Madurar es ceder los sueños. La juventud se diluye cuando ese sueño de llenar estadios se convierte en una cuenta que pagar o en el impulso de comprarse un reloj caro o un bolso de diseñador.
Crecer es sacrificar los sueños para lograr eso que se dice es la estabilidad: el acomodarse en un lugar seguro y silencioso: engranarse en una maquinaria siempre al servicio de un poder mayor.
Sin embargo, ahora más que nunca, vivimos bombardeados por mensajes que nos impulsan a cumplir lo que soñamos y deseamos, a viajar, a dejarnos llevar por nuestros impulsos pues la vida es ahora y es corta.
No hay mañana: salta en paracaídas, conviértete en escritor, empieza a pintar, no es tarde para aprender a tocar el piano o tomar clases de salsa.

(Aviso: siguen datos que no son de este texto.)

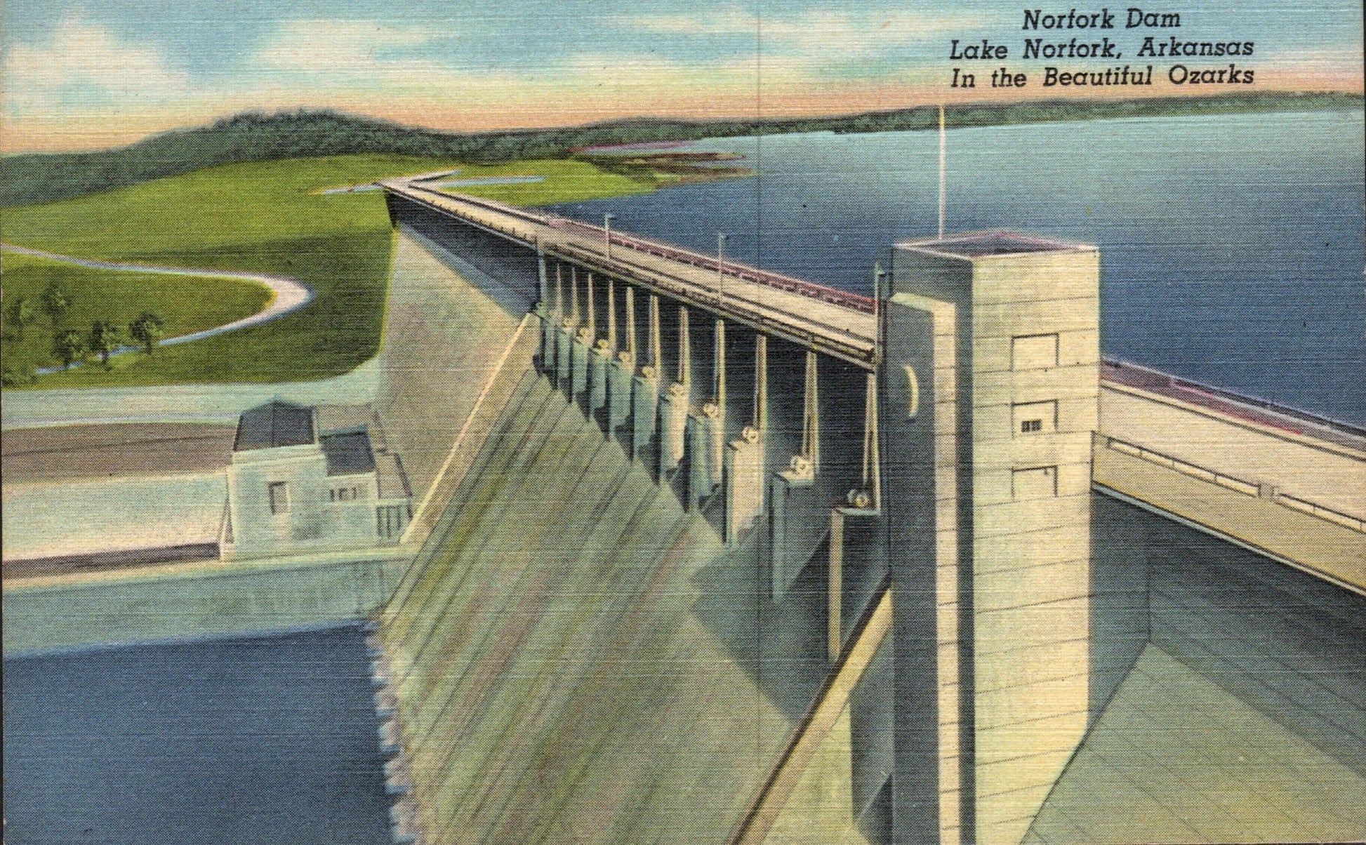 Norfork Post cards: Norfork Dam [2 linen views]; Tracy’s Landing [B&W]
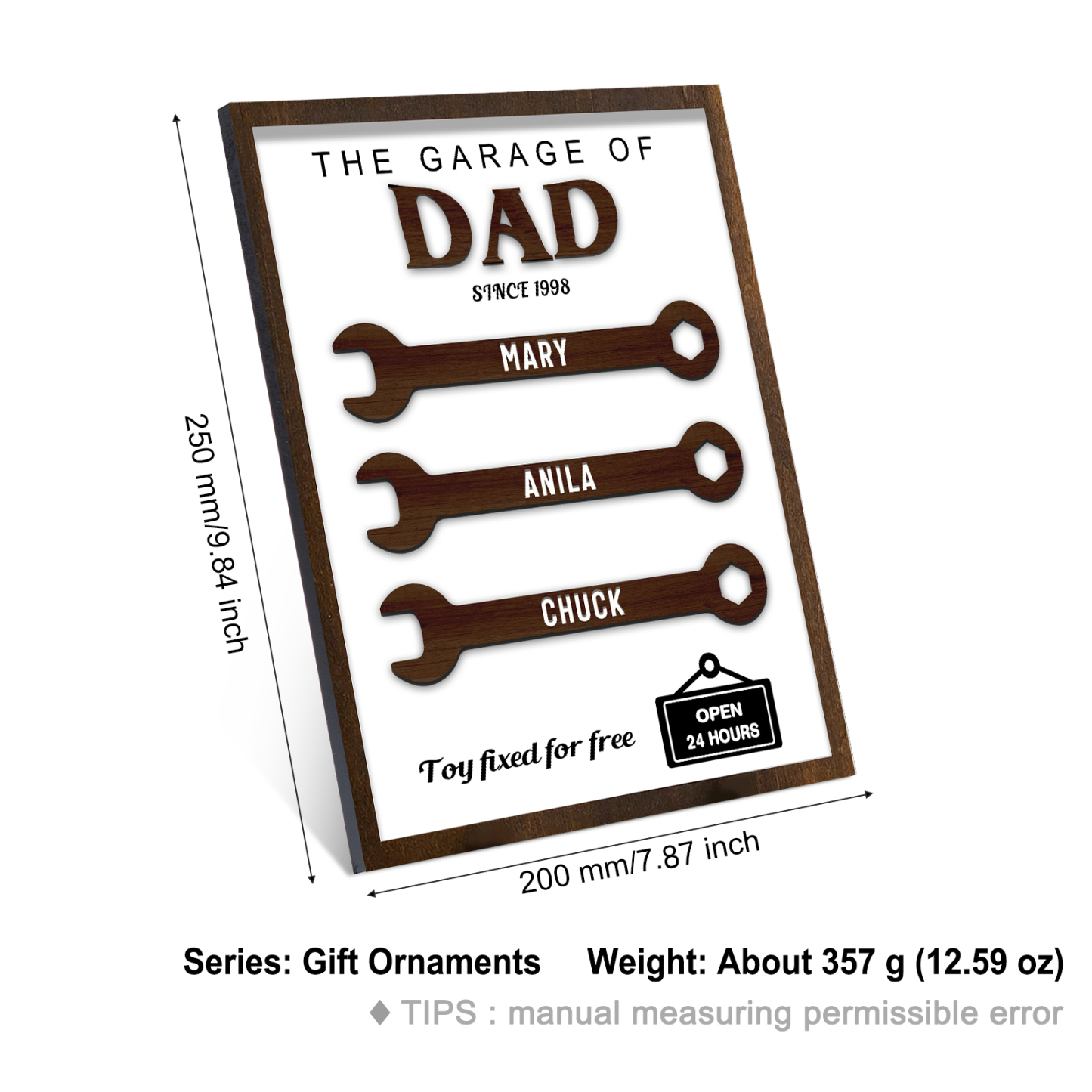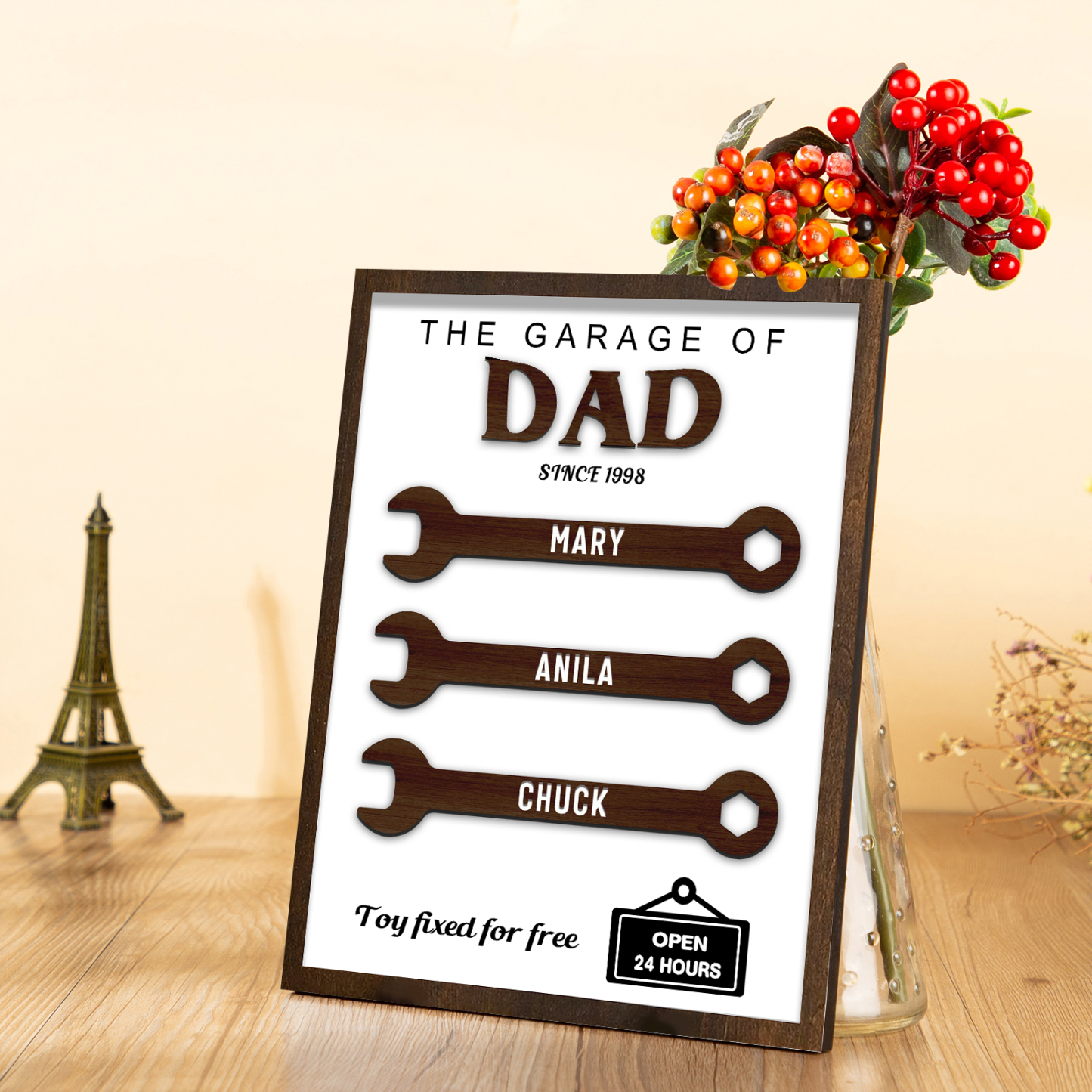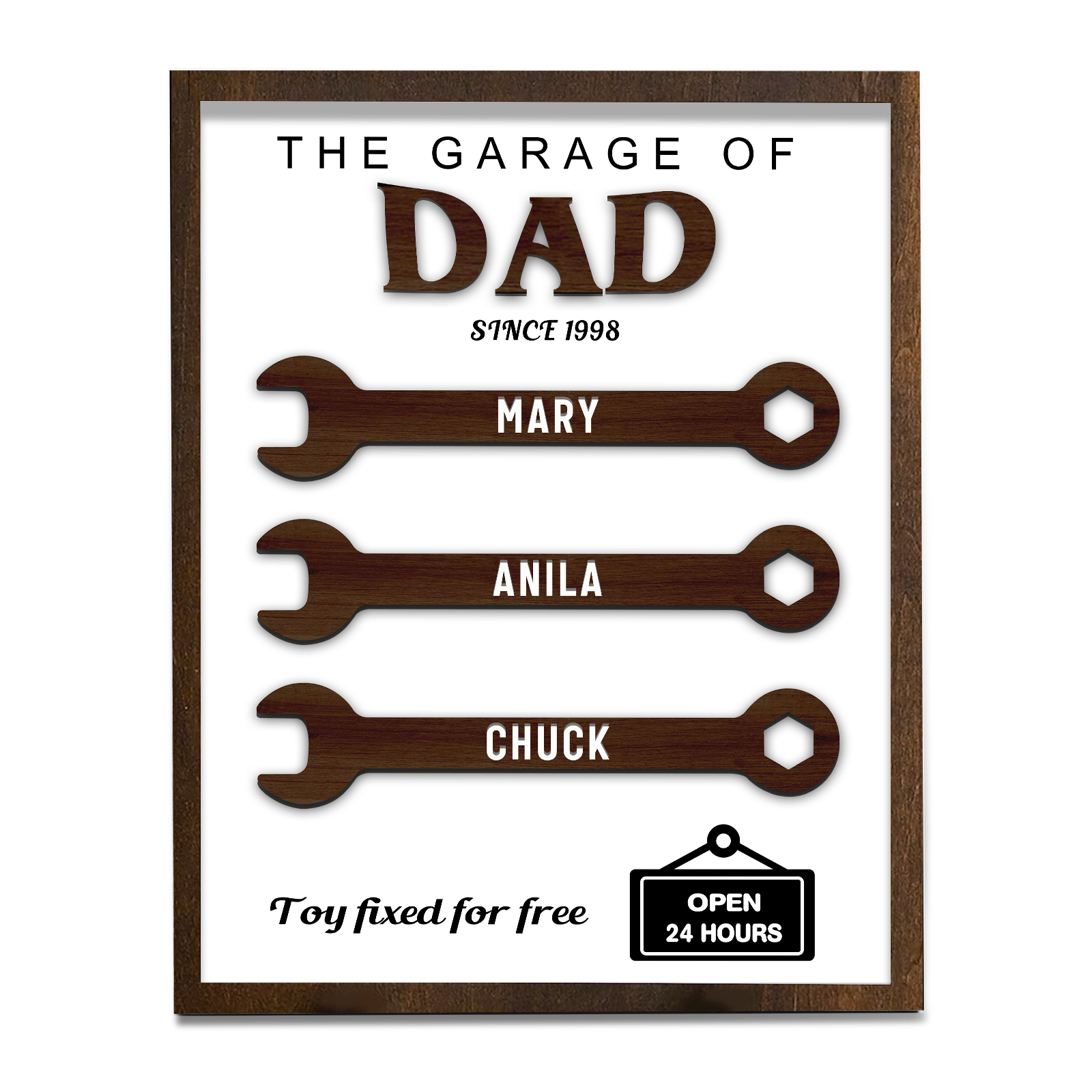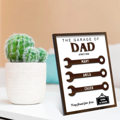 3 Names - Personalized Repair Tool Style Home Photo Frame Wooden Decor Father's Day Gift for Dad

No importa nada más que la satisfacción de un anhelo que nos mantenga en la tibieza del ahora y en la idea de un futuro que de pronto se vuelve brillante nomás de pensarlo y decretarlo.
Supongo que es fácil pensar así cuando la vida se resuelve por sí sola, cuando el esfuerzo individual en realidad es el resultado de una conexión ancestral con la riqueza. Qué paradójico que junto a la triste tendencia de Rosa Pastel, en la que jóvenes mexicanos muestran el desmoronamiento de sus sueños en un mundo que jamás será justo, se ponga de moda la estética del dinero ancestral –old money y un estilo de vida que ni siquiera quienes presumen tener alcanzan a otear–, en el contexto del encumbramiento de corridos que cantan un estilo de vida desfachatado por inalcanzable: supongo que el paroxismo de la depredación capitalista y de un sistema corrompido es tener a la clase trabajadora cantando el sueño de riqueza de otros aceptando que el único modo de lograrlo es la ilegalidad y la imposición de la voluntad propia cueste lo que cueste.